(Beginning of Information provided)

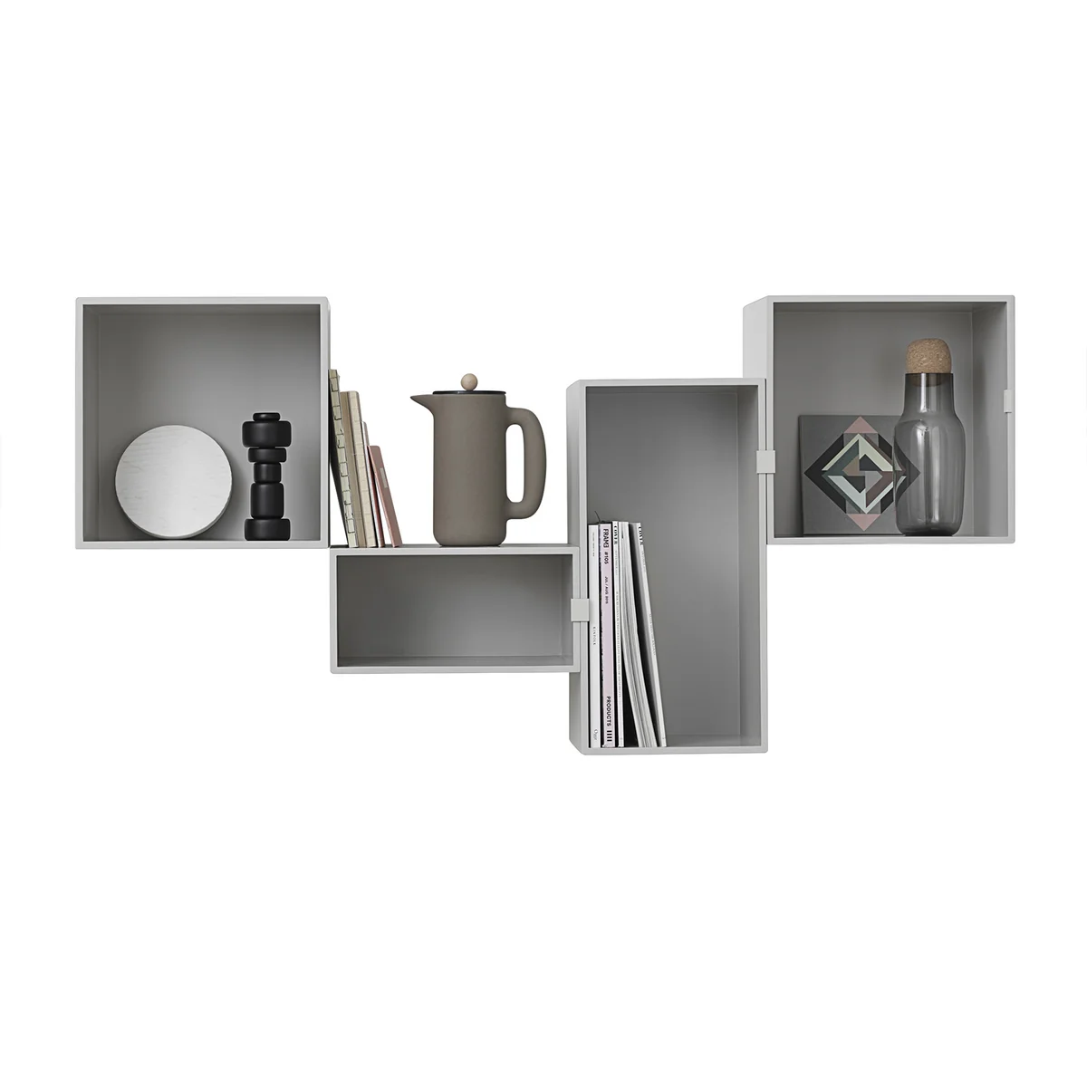 Das Mini Stacked Regalsystem in Hellgrau wird aus lackierten MDF-Platten hergestellt. Jedes Modul lässt sich nach Belieben und Bedarf mit allen anderen Modulen in verschiedenen Farben, Formen und Größen der Stacked Serie kombinieren. So entstehen aus den Stacked Modulen Regale für die Wand und auf den Boden gestellt, Sideboards und auch kleine Beistelltische neben Sofa und Bett.
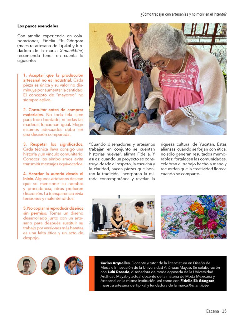 Con amplia experiencia en colaboraciones, Fidelia Ek Góngora (maestra artesana de Tipikal y fundadora de la marca X-manikbée) recomienda tener en cuenta lo siguiente:
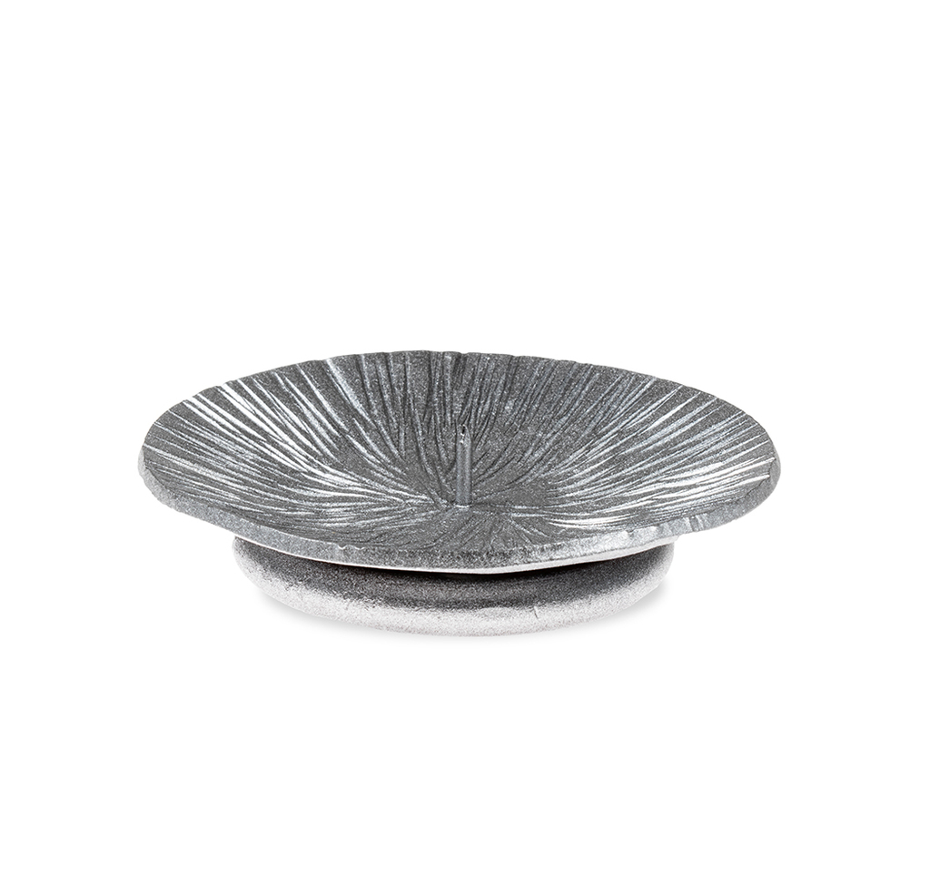 Velký ručně kovaný svícen ve stříbrné barvě je výrazný a nadčasový prvek, který dokonale doplní kolekci Snow Fall a další svíčky se světlejšími či kovovými detaily. Vzniká poctivým kovářským procesem v Beskydech, kde každý svícen získává svůj osobitý vzhled a strukturu typickou pro ruční práci.
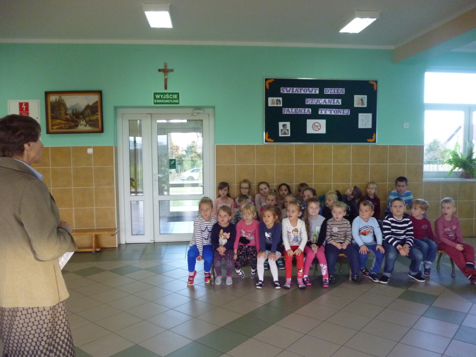 Z okazji Światowego Dnia Rzucania Palenia Tytoniu w naszej szkole odbył się poranek profilaktyczny. Z tej okazji pielęgniarka szkolna przeprowadziła z uczniami i przedszkolakami pogadankę na temat szkodliwości palenia i biernego palenia tytoniu.
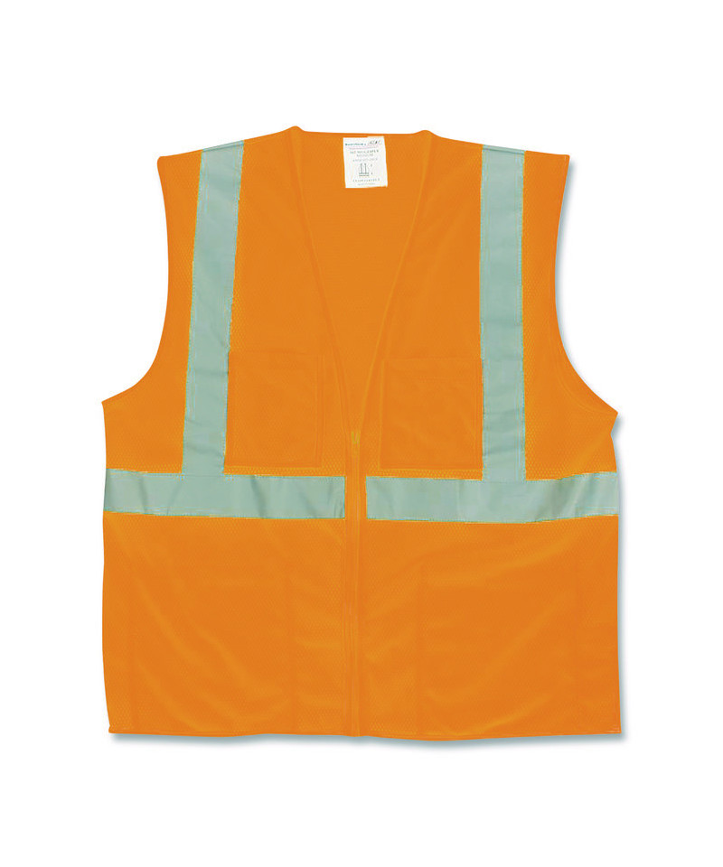 ANSI Class 2 Two-Pocket Zipper Mesh Safety Vest, Polyester Mesh, X-Large, Orange
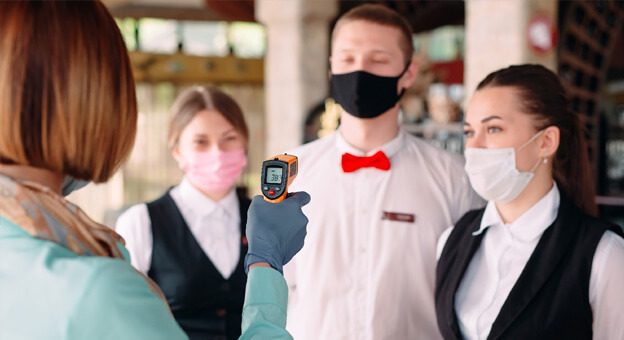 Cuando no se realizan en un esquema de autoservicio, los cambios en los procedimientos de check-in pueden incluir la instalación de calcomanías de piso para el distanciamiento social, divisiones en la recepción y estaciones de desinfección de manos. Algunos hoteles requieren que los huéspedes realicen controles de temperatura antes de ingresar o durante su estadía. "Nuestras medidas incluyen termómetros infrarrojos disponibles en la recepción para realizar controles de temperatura de nuestros huéspedes y empleados, de ser solicitado", dice Millennium Hotels.

(End of Information provided)

** Task objective **
Retype, without any picture, exactly the lines from the one with "Con amplia experiencia" through the end of the entries, inclusive.

** Task output **
 Con amplia experiencia en colaboraciones, Fidelia Ek Góngora (maestra artesana de Tipikal y fundadora de la marca X-manikbée) recomienda tener en cuenta lo siguiente:
 Velký ručně kovaný svícen ve stříbrné barvě je výrazný a nadčasový prvek, který dokonale doplní kolekci Snow Fall a další svíčky se světlejšími či kovovými detaily. Vzniká poctivým kovářským procesem v Beskydech, kde každý svícen získává svůj osobitý vzhled a strukturu typickou pro ruční práci.
 Z okazji Światowego Dnia Rzucania Palenia Tytoniu w naszej szkole odbył się poranek profilaktyczny. Z tej okazji pielęgniarka szkolna przeprowadziła z uczniami i przedszkolakami pogadankę na temat szkodliwości palenia i biernego palenia tytoniu.
 ANSI Class 2 Two-Pocket Zipper Mesh Safety Vest, Polyester Mesh, X-Large, Orange
 Cuando no se realizan en un esquema de autoservicio, los cambios en los procedimientos de check-in pueden incluir la instalación de calcomanías de piso para el distanciamiento social, divisiones en la recepción y estaciones de desinfección de manos. Algunos hoteles requieren que los huéspedes realicen controles de temperatura antes de ingresar o durante su estadía. "Nuestras medidas incluyen termómetros infrarrojos disponibles en la recepción para realizar controles de temperatura de nuestros huéspedes y empleados, de ser solicitado", dice Millennium Hotels.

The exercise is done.